Practice — Pratyahara (sense-withdrawal). Manana (contemplation). Svadhyaya (self-study). Bhakti (devotional emotion-channeling). Mantra-japa moves the manas to a single thought-stream.
Disorder — Anxiety, depression, OCD, anger-disorders, addictions. Mental imbalance.
"The self made of mind. Its head is faith. Its right side is righteousness. Its left side is truth." (Taittiriya 2.4.1)
4 · Vijnanamaya kosha · विज्ञानमय कोश — Intellect / wisdom sheath
Body: Sukshma (subtle). Constituents — Buddhi (intellect / discernment), Chitta (memory-store), Ahamkara (ego-I-sense). The deciding + discriminating faculty. Beyond raw mind.
Recognise it — When you can WITNESS your thoughts without being swept by them. When you discern between dharma + adharma in a moral test.
Practice — Jnana yoga — atma-vichara ("Who am I?"). Vichara, vairagya, viveka. Study of Upanishads. Listening to a realised guru.
Disorder — Mis-discrimination, mistaken identity (I am body / I am mind), perversions of values (calling adharma dharma).
"Wisdom performs the yajna; wisdom performs the actions; all the devas worship wisdom as supreme Brahman." (Taittiriya 2.5.1)
5 · Anandamaya kosha · आनन्दमय कोश — Bliss sheath
Body: Karana (causal). Constituents — The seed-state. In deep sleep + samadhi, only this kosha persists. The "I" that experiences ananda (joy) without an object. Closest to the Atman.
Recognise it — The bliss you experience in deep dreamless sleep (which you only KNOW about after waking — "I slept well"). The joy in samadhi. The pure happiness of being itself, before any object causes it.
Practice — Samadhi (the 8th limb of yoga). Nirvikalpa samadhi (the highest). Resting in the "I am" without object.
Disorder — Existential boredom even in pleasure. Inability to relax.
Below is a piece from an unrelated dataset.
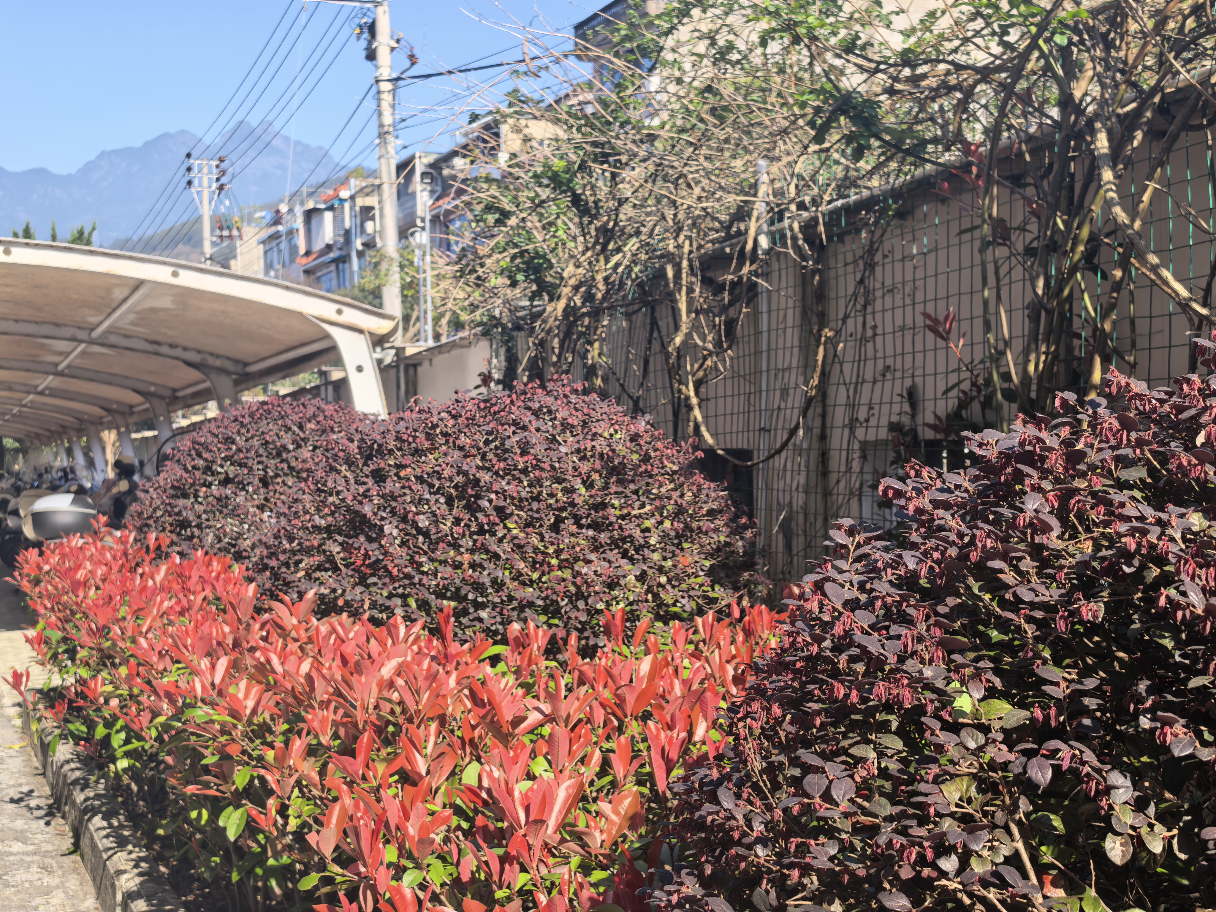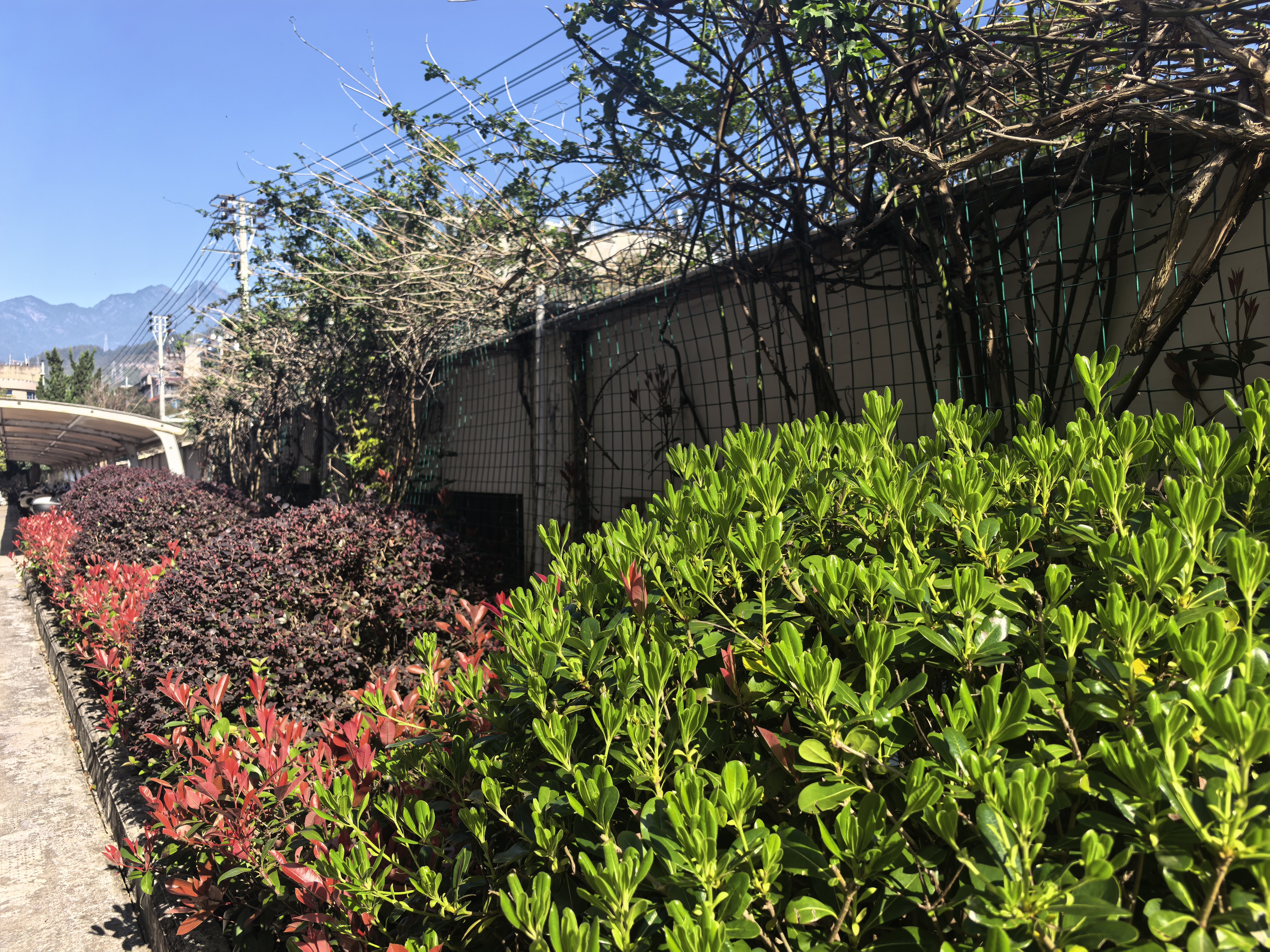 红叶石楠绿篱撞上围墙,常绿灌木与现代建筑静静对话,自然和城市原来可以这么搭~

Loss of capacity for natural bliss.
"He realised: Bliss is Brahman. For from bliss are born all these beings. Born, they live by bliss. Departing, they enter into bliss." (Taittiriya 3.6.1)
The 3 bodies + the 3 avasthas
The 5 koshas group into 3 bodies (sharira), and the 3 bodies operate in 3 states of consciousness (avastha) — waking, dreaming, deep sleep.
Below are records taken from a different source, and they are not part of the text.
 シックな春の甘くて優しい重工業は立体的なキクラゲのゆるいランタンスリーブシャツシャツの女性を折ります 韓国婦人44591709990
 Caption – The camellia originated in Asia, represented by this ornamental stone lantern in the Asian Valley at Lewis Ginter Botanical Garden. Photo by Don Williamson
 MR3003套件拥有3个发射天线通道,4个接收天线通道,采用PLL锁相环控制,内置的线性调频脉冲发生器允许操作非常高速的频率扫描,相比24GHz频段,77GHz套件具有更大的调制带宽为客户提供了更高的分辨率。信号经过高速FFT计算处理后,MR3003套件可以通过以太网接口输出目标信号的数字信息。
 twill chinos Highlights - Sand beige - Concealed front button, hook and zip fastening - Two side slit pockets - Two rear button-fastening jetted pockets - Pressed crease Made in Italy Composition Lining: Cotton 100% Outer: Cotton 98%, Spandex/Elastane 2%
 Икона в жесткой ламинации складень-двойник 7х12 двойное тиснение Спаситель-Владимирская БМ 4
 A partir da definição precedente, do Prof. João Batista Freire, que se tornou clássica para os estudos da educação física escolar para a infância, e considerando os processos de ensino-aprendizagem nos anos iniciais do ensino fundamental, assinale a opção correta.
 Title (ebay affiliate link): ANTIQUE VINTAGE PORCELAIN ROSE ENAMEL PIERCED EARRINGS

Sthula sharira · स्थूल शरीर (Gross body) — Contains Annamaya kosha. Avastha: Jagrat (waking state). The physical body — visible to others, dies at end of life.
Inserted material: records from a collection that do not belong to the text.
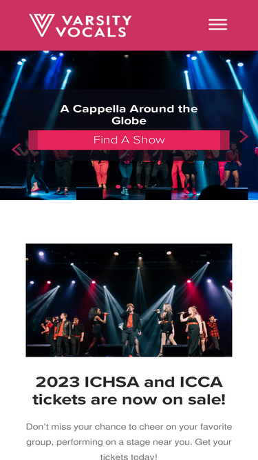 35%Varsity Vocals is the home of a cappella since 1995. We give singers in high school and college (and beyond!) the opportunity to interact, compete, learn from each other, get feedback from the pros, and perform in fantastic venues around the globe.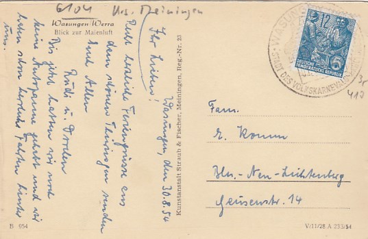 Waffenrod-Hinterrod Thüringen mit Landpoststempel 1954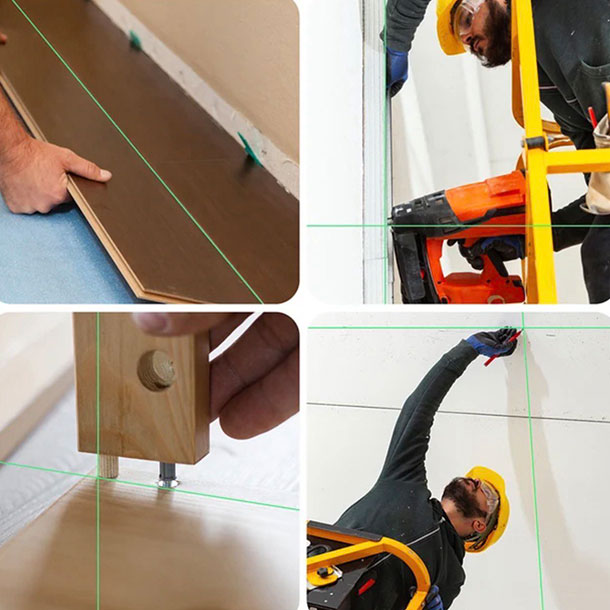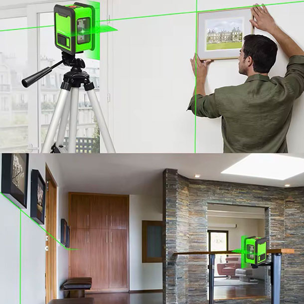 Projekcija jedne horizontalne, jedne vertikalne ili obe linije istovremeno – idealno za oblaganje pločica, postavljanje polica, zidnih panela, tapeta, stolarije ili pregradnih zidova.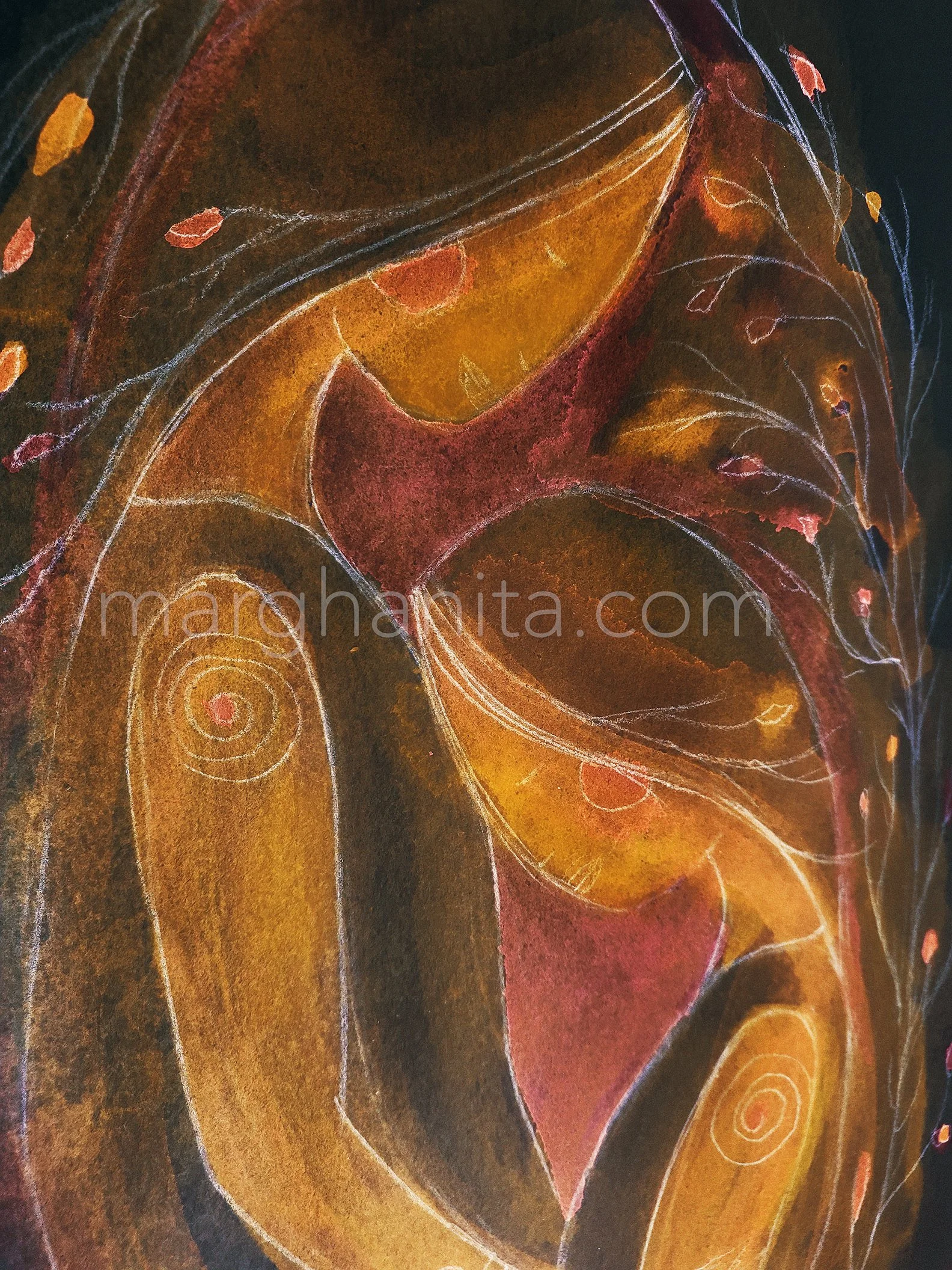 Original Artwork Wall Hanging - Conte, watercolour and acrylic on fabric canvas 26” x 26” (Mica Gold and French Turquoise natural earth paints are a feature on this canvas) Hoop and rod for hanging. Secret pocket on reverse of canvas containing a gem stone, simple meditation and blessing for the sacral chakra. Includes a mini print card.

Sukshma sharira · सूक्ष्म शरीर (Subtle body) — Contains Pranamaya + Manomaya + Vijnanamaya koshas. Avastha: Svapna (dream state). The subtle body carries the soul from one birth to the next. Dies at moksha alone — not at physical death.
Karana sharira · कारण शरीर (Causal body) — Contains Anandamaya kosha + the seed-impressions of all karma (samskaras + vasanas). Avastha: Sushupti (deep sleep). The seed of all future lives. Dies only at videhamukti.
Turiya — the 4th state
Turiya (literally "the fourth") — pure consciousness behind / beyond the 3 avasthas. Not a state in the same sense — it underlies all 3 states. It is what witnesses waking, dreaming, deep sleep. The Mandukya Upanishad describes it as "shantam, shivam, advaitam" — peaceful, auspicious, non-dual.
Realisation — Recognised in samadhi. Made permanent in sahaja samadhi. The jivanmukta lives in turiya 24/7 — while the body experiences waking/dreaming/sleeping in succession.
Practical use — The koshas-map is a meditative tool. Sitting quietly, peel back identification one kosha at a time: "I am not just this body (annamaya)... I am not just this breath (pranamaya)... I am not just this mind (manomaya)..." until pure awareness alone remains.